A refugee - an escapee - a runner - a fleeter - in a search for "home". Two decades later, two foreign lands away, I still linger in the same station in Budapest. How symbolic life can be!!!
I wonder if I will ever find my way back to the streets of Budapest. Those Hungarian winters where the thoughts freeze and remain solidified into ice cubes of immobility, will remain within me. Yet, the train approaches the station and we aimlessly board it without glancing back on this layover that took place at the specific time, in a particular place.
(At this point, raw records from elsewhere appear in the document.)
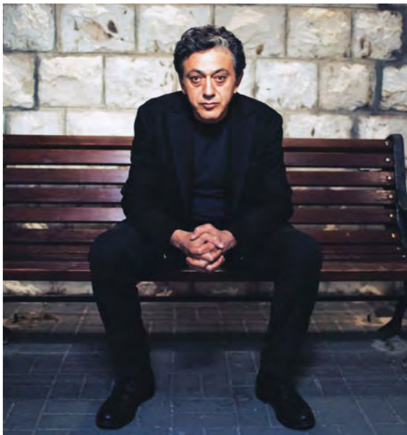
Elia Suleiman
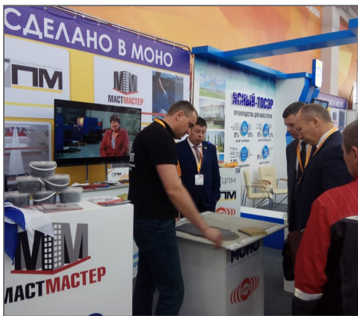
форума «Оренбуржье – сердце Евразии», в Новотроицке один из резидентов – Новотроицкий содовый завод, запустил на своём предприятии первую линию.

В Оренбургской области сегодня статус ТОСЭР имеют два моногорода: Ясный и Новотроицк. В Ясном вместе с новым будут работать семь резидентов. В Новотроицке работают пять. 21 ноября, в день открытия Международного
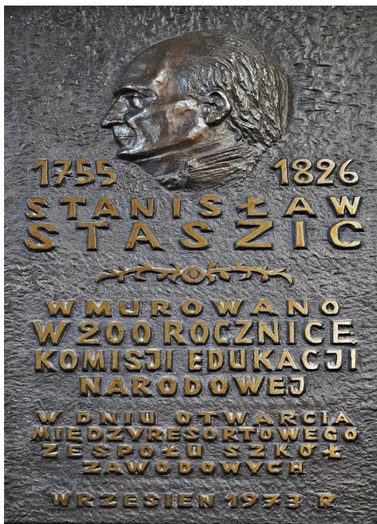
Tablica pamiątkowa wmurowana w 200 Rocznicę Komisji Edukacji Narodowej w dniu otwarcia Międzyresortowego Zespołu Szkół Zawodowych, wrzesień 1973

I hope that they will find a spot where they can root into the soil and rediscover the meaning of safety. I sincerely wish for their well being for I know what they feel. Particularly, the children whose childhoods came to an abrupt end. They will become in-betweeners, just like I did. Soon enough they will discover the meaning of nostalgia where melancholy resides ubiquitously every day of their lives. They will be exposed to new ways of existing; they will supersede their parents' thinking; their mentalities will be molded as they learn that every new day requires adaptability - an assimilation just to get through the day, to get ahead. Yet, all of us will always remain stuck at that station for the rest of our days. We will wonder what would have happened if we mounted a different train. Sometimes we will perplex about the possibilities of heading back to the place that breathes our names, the place where our footsteps are imprinted on the streets as scars. Still, we will always stay in Budapest while trying to find a corner to call our own. My dear in-betweeners, we are thrusted onto the tracks of forced choices that were never truly ours.
One day, I will find out the name of the train station in Budapest.